None of this boded well for Salavert’s heavenly prospects. He had dreamed of doing great things in the name of God—the sort of things that might eventually see him rewarded with a nice, cushy cathedral post or maybe even a move to the Vatican. But one did not get to the Vatican by way of mass graves and followers who ran away from you.
Then Salavert heard the whispers of a great city hidden in the unexplored vastness of the mountains to the west—rumors of a gleaming metropolis where even the poor laborers drank from jeweled goblets and the kings slept in rooms paved with gold.
No man Salavert spoke with had seen this legendary place for themselves. The stories came in tantalizing hints and fragments… but it was enough to resurrect a tiny seed of hope from the rot of Salavert’s dying ambitions.
If he could gain the ear of a true king, Salavert had no doubt that he could bring the great man into the grace of the church. And where a king went, surely his subjects would be compelled to follow. Salavert could be single handedly responsible for converting an entire nation.
Surely this was the great destiny that he had known awaited him since he was first called to the service of his faith.
Salavert pleaded with his abbot until at last he was granted permission to investigate the rumors of the hidden city. Accompanied by one of his brothers in Christ, he headed into the wilderness alongside two dozen of their new local converts, who had been assigned to carry the essential food and supplies.
Half of the converts escaped as soon as they left the mission.
Salavert trekked northwest with the others through crocodile-infested swamps and snake-riddled wasteland. Halfway through the second week, the food ran out. The converts harvested strange plants and killed animals that Salavert felt certain were forbidden in Leviticus. He stoutly refused to sully himself by eating them… at least, until he got a bit hungrier.

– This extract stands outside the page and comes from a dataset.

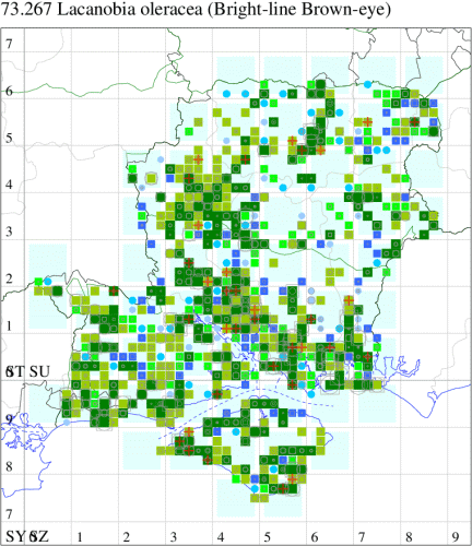 Dog's Tooth Lacanobia suasa, which is duller brown and has a characteristic central tooth-mark on forewing, even in the darkest forms it is usually just possible to see the subterminal line and the short, black basal streak (MBGBI Vol 9). Larva polyphagous, feeding mainly on herbaceous plants, but with an apparent natural preference for orache and goosefoot, also on Stinging Nettle, Fat-hen, Broad-leaved Willowherb, Rosebay Willowherb, St John's-wort, Traveller's-joy, Black-bindweed, Tamarisk, English Elm, Hazel, Hop and Reed Sweet-grass, over-wintering as a pupa.

At last they reached a range of high, dark mountains where no Christian foot had ever stepped. What lay within those unknown peaks was a mystery even the wildest men could not illuminate.
Salavert plunged into that wilderness, trusting God to lead him to his destiny.
God was determined to test him. Salavert and his brothers remained lost for weeks in a verdant hell, subsisting on fruits that made his skin break out in a rash, and insects—which were surprisingly palatable.
Eventually, he knew he must find civilization or die… and at last, his prayers were answered. Like a dream glimpsed through a haze of desperation, the clouds before him parted, and the light of heaven gilded the secret Salavert had been seeking.
The city was even more magnificent than the rumors had promised. Truly, there was no place on earth so near to paradise… or to hell.
The people of the gilded kingdom took Brother Francesco first, restraining his arms and holding a bowl of smoldering herbs under his nose. His eyes rolled up in his head as he went limp in their arms. A band of painted acolytes dragged him up the massive steps of their gleaming pyramid and disappeared inside the idolatrous temple at its summit.
Francesco did not emerge again.
Three days later, Salavert was forced, stumbling, toward a neat row of rectangular pyres on the outskirts of the city. He feared he would be compelled onto one of them to meet his death in flames—and then realized that the pyres were already full. The pitch-soaked stacks of kindling held the bodies of several of his converts. The bodies bore no sign of violence, but Salavert knew without doubt that their deaths had not been natural. They had been murdered by some foul means for their failure to recant, or as a sacrifice to the demon gods of this place.
The people of the city gathered around the pyres, watching with a solemn stillness Salavert might almost have mistaken for grief.
As one of their demon priests set his torch to the wood, Salavert realized with a start that several of the corpses were marked with raw, red lesions.